Parce que le football est devenu une industrie à part entière. Il faut des résultats et pour les obtenir, il faut optimiser le rendement des joueurs. Tous les détails comptent. Le coaching est une sorte de psychologie sportive. L’entraîneur doit être un dirigeant, un leader pour les joueurs.

Et ça se passe comment concrètement au quotidien ?
Je travaille le mental à un niveau personnel et collectif. Je fais tout pour exacerber la rage de vaincre et aiguiser l’esprit de compétition au sein de mon groupe. Quand j’ai deux joueurs pour un même poste, je n’hésite pas à chauffer un peu celui qui ne joue pas. Je choisis mes titulaires en fonction de leur dépassement de soi. Il faut qu’il me montre physiquement et mentalement qu’il a été meilleur que les prétendants au même poste durant la semaine pour jouer le week-end.


Banega était complètement à la masse à son arrivée en Espagne et vous en avez fait l’un des milieux de terrain les plus cotés d’Europe. Vous lui avez fait quoi ?
Banega, il m’a donné beaucoup de boulot. Je lui ai fait comprendre qu’il fallait qu’il change son style de vie s’il voulait faire une grande carrière. En Argentine, c’était une star, mais quand il est arrivé en Espagne, je l’ai tout de suite redescendu sur terre. (Emery l’a eu sous ses ordres à Valence et Séville, ndlr.) Il a fallu que je sois constamment à ses côtés pour qu’il gagne en tension. Aujourd’hui, c’est un joueur exigeant et responsable. C’est quelque chose que je n’aurais pas dit de lui à son arrivée.

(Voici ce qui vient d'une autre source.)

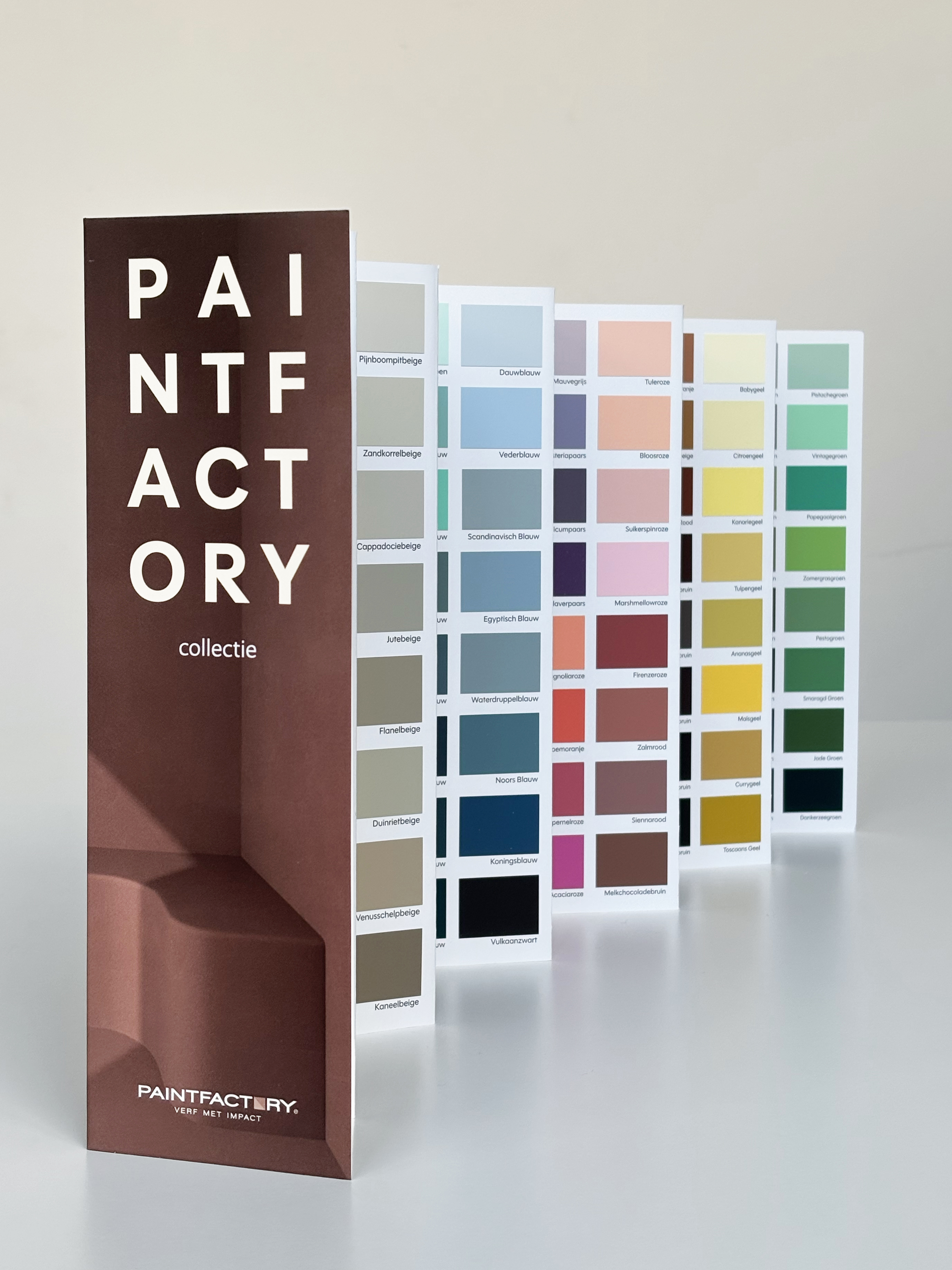 De nieuwe Paintfactory kleurenwaaier ligt vanaf nu in onze winkels. Kom langs, blader door het vernieuwde palet en laat je inspireren door 40 splinternieuwe tinten - zorgvuldig samengesteld om jouw interieur nóg meer karakter en warmte te geven.

À Valence, vous avez eu un joueur comme Feghouli qui, en France, n’avait pas bonne presse…
J’aime travailler avec tout le monde ! Feghouli était jeune à son arrivée en Espagne. Il fallait juste lui donner du temps. Les vétérans ont un ego plus développé et c’est plus difficile de les faire aller dans le sens que tu désires. Les jeunes sont des produits « vierges » que tu peux modeler plus facilement. Avec eux, c’est plus facile parce qu’ils ont faim d’apprendre.

Il y a des entraîneurs qui ne parlent pas aux joueurs…
C’est quelque chose que je n’arrive pas à comprendre. Un entraîneur qui ne parle pas à ses joueurs, c’est triste. À quoi ça sert d’être froid ? À rien. Moi, je donne beaucoup d’affection. Une équipe, c’est une famille, où le dialogue est ultra-important. Dans mon vestiaire, je propose et je dispose, mais je suis assez consensuel. Je ne veux pas être un dictateur. Ce que je cherche, c’est rassembler 22 personnes autour d’un projet commun.